**DATA:**
= Beginning of Section =

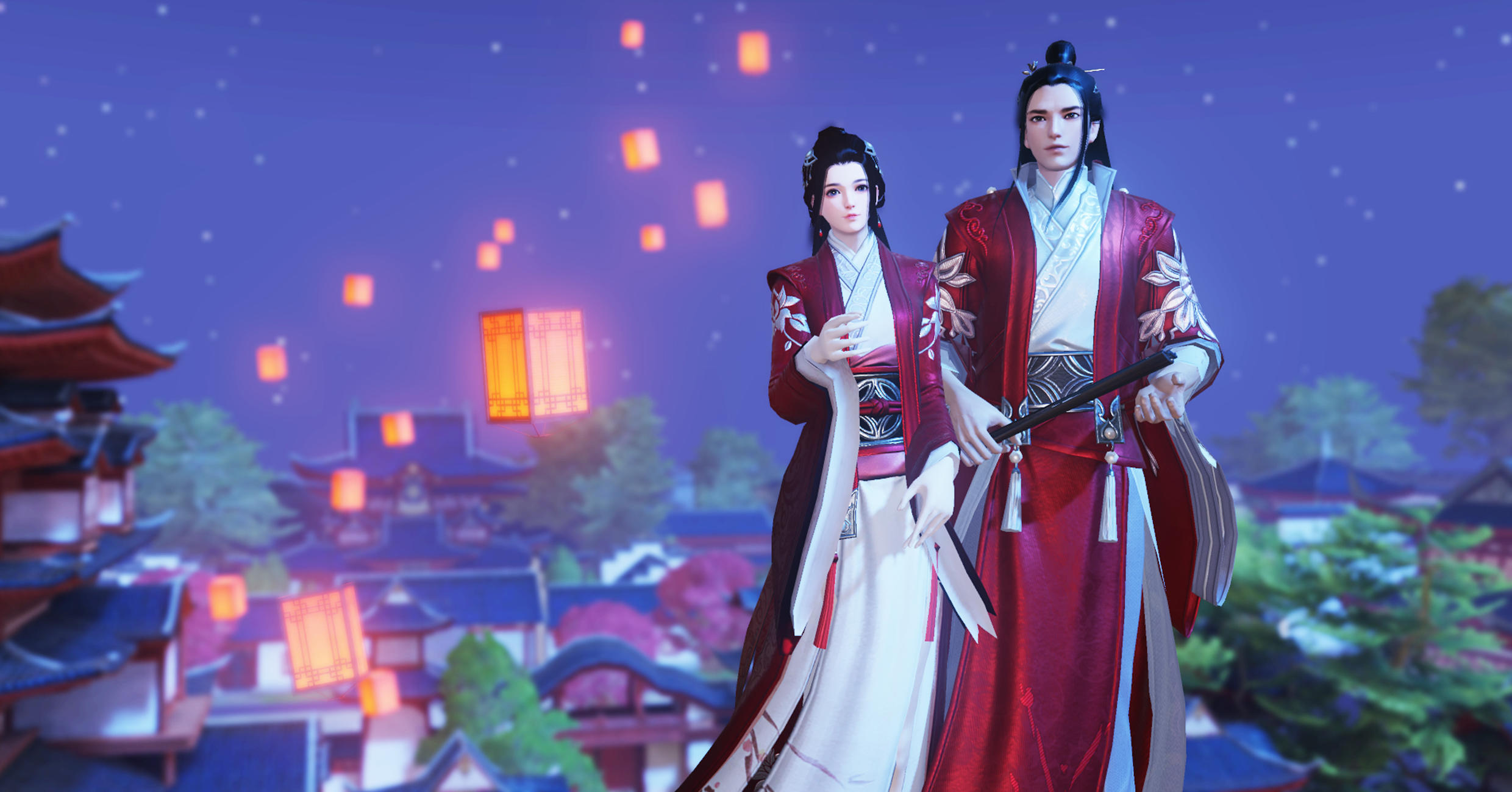 这时金陵街上窜出一抹鲜艳的红,原来小女侠和小少侠也穿上了朱颜辞!
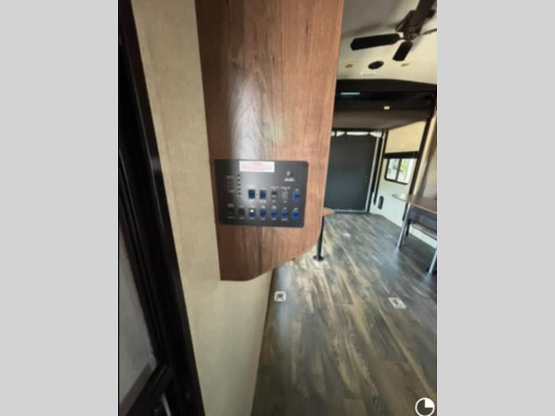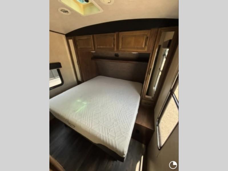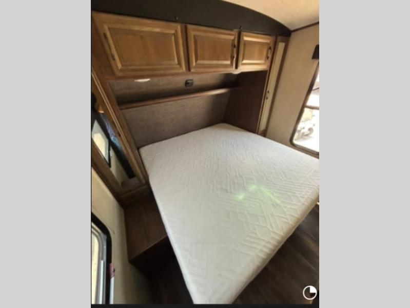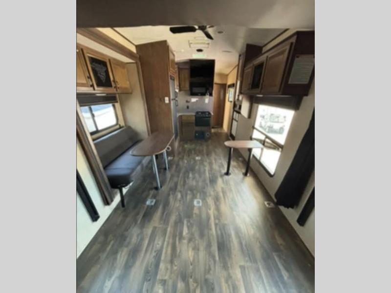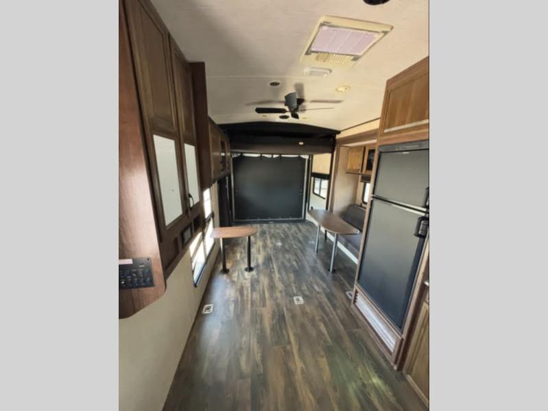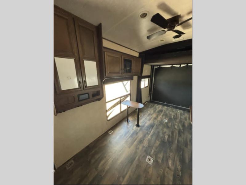 Above the rear sofas there is an electric bed which neatly stores near the ceiling when not in use. A sofa with an overhead cabinet and a table are located within the road side slide out, and two swivel rockers along the door side make for comfortable seating when you just want to kick back and reminisce about the days adventure. There are also plenty of overhead cabinets throughout the unit to keep things tucked away and organized.
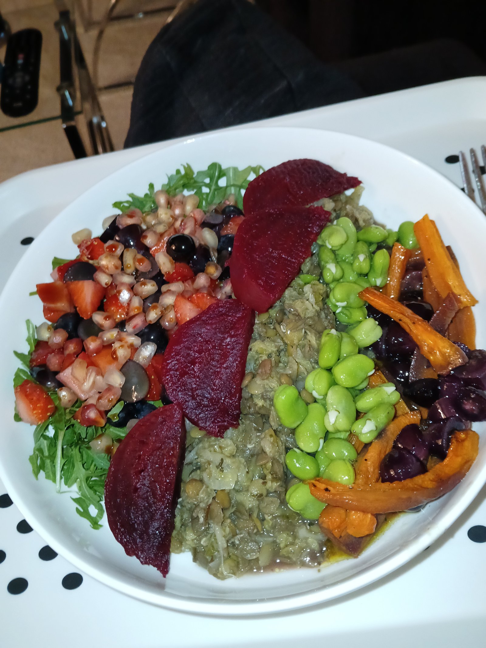 Dinner tonight is going to be green lentils with savoy cabbage, roasted carrots and black grapes in a maple balsamic dressing, broad beans, steamed beetroot and coriander buckwheat. I'm looking forward to it - I'll probably add some rocket and berries to my plate too - I'm still craving salad!!
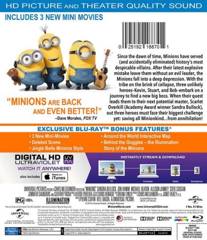 Since the dawn of time, Minions have served (and accidentally eliminated) history's most despicable villains. After their latest explosive mistake leaves them without an evil leader, the Minions fall into a deep depression. With the tribe on the brink of collapse, three unlikely heroes -Kevin, Stuart, and Bob - embark on a journey to find a new big boss. When their quest leads them to their next potential master, Scarlet Overkill (Academy Award winner Sandra Bullock), our three heroes must face their biggest challenge yet: saving all of Minionkind...from annihilation!

= End of Section =

**WHAT YOU NEED TO DO:**
Return the complete material exactly as given, excluding images.

**EXERCISE RESULT:**
 这时金陵街上窜出一抹鲜艳的红,原来小女侠和小少侠也穿上了朱颜辞!
 Above the rear sofas there is an electric bed which neatly stores near the ceiling when not in use. A sofa with an overhead cabinet and a table are located within the road side slide out, and two swivel rockers along the door side make for comfortable seating when you just want to kick back and reminisce about the days adventure. There are also plenty of overhead cabinets throughout the unit to keep things tucked away and organized.
 Dinner tonight is going to be green lentils with savoy cabbage, roasted carrots and black grapes in a maple balsamic dressing, broad beans, steamed beetroot and coriander buckwheat. I'm looking forward to it - I'll probably add some rocket and berries to my plate too - I'm still craving salad!!
 Since the dawn of time, Minions have served (and accidentally eliminated) history's most despicable villains. After their latest explosive mistake leaves them without an evil leader, the Minions fall into a deep depression. With the tribe on the brink of collapse, three unlikely heroes -Kevin, Stuart, and Bob - embark on a journey to find a new big boss. When their quest leads them to their next potential master, Scarlet Overkill (Academy Award winner Sandra Bullock), our three heroes must face their biggest challenge yet: saving all of Minionkind...from annihilation!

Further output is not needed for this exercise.